Task statement | Please give back the listing below word for word, without the images.

Given material |
┄┄┄┄┄┄
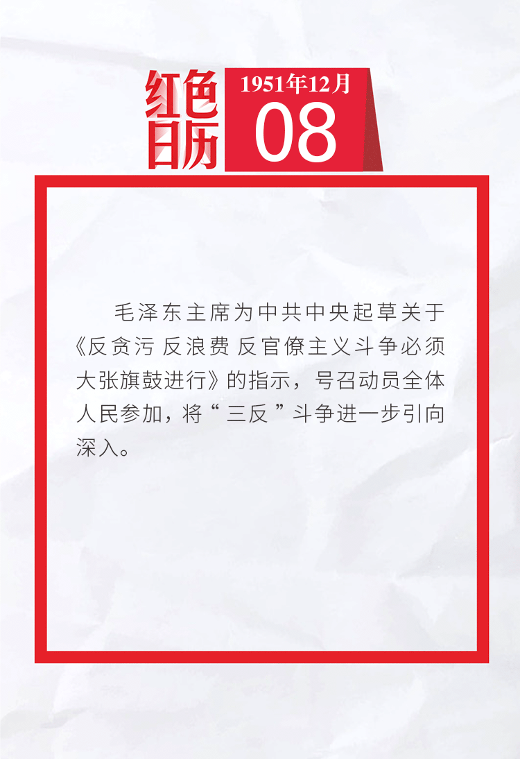 1951年的今天,毛泽东主席起草关于“三反”斗争必须大张旗鼓进行的指示|红色日历
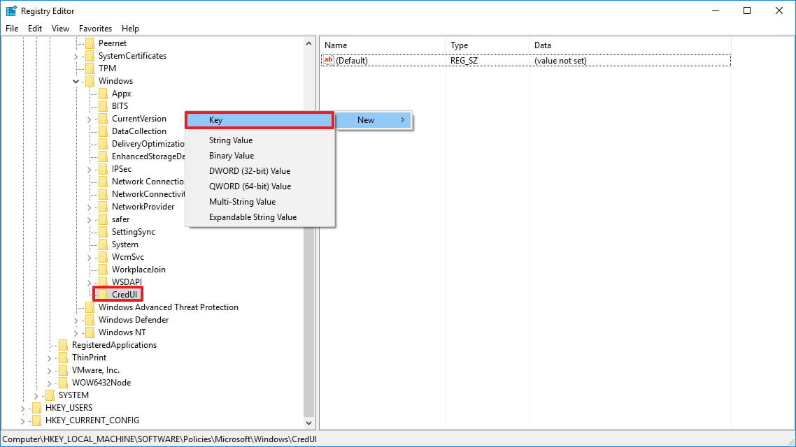 HKEY_LOCAL_MACHINE\Software\Policies\Microsoft\Windows\CredUI
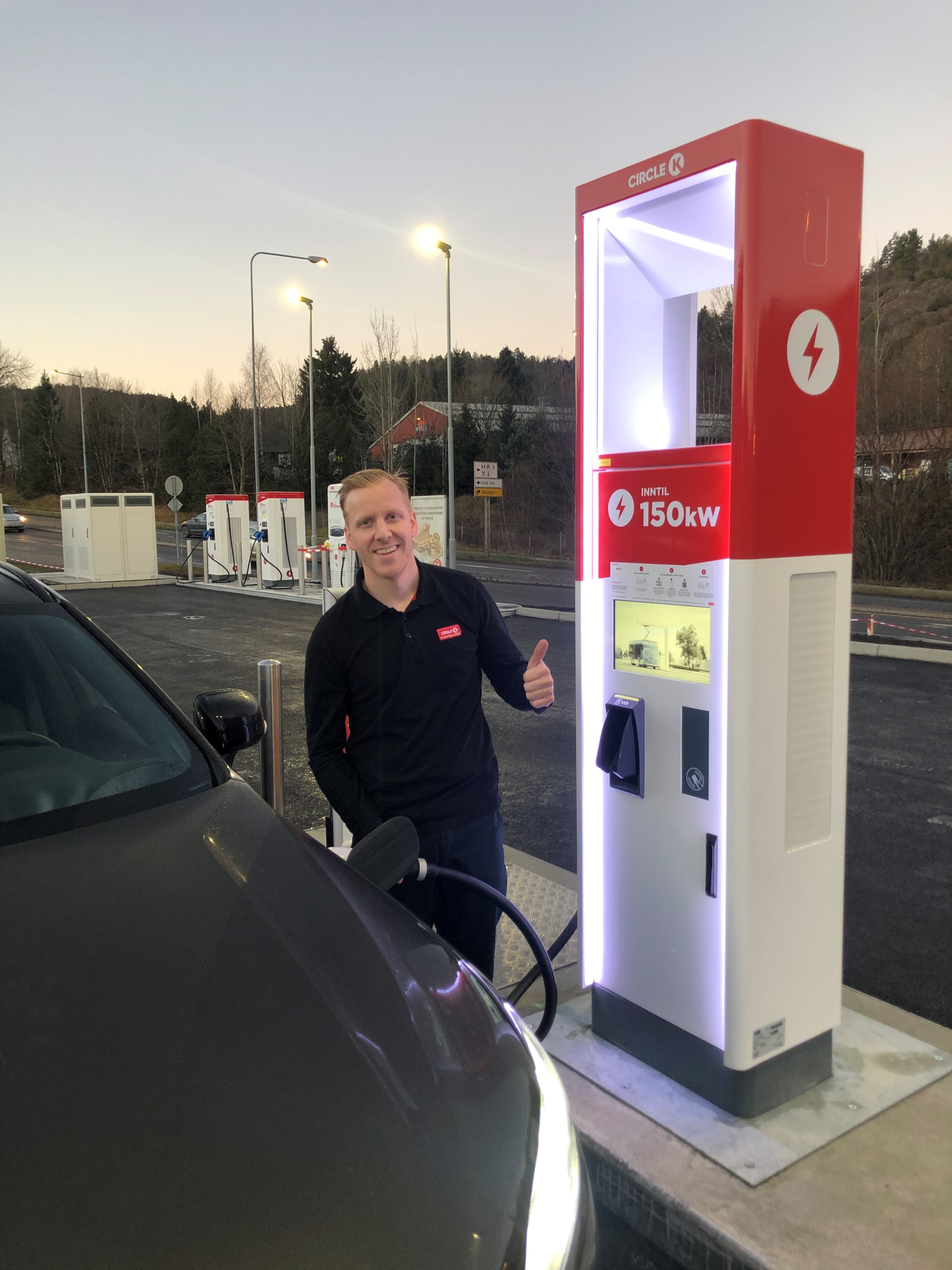 LADER OPP. Daglig leder Even Øygarden ved Circle K Telemarksporten gir tommel opp til de nye laderne som er installert på stasjonen hans. Foto: Circle K Telemarksporten
┄┄┄┄┄┄
Expected answer |
 1951年的今天,毛泽东主席起草关于“三反”斗争必须大张旗鼓进行的指示|红色日历
 HKEY_LOCAL_MACHINE\Software\Policies\Microsoft\Windows\CredUI
 LADER OPP. Daglig leder Even Øygarden ved Circle K Telemarksporten gir tommel opp til de nye laderne som er installert på stasjonen hans. Foto: Circle K Telemarksporten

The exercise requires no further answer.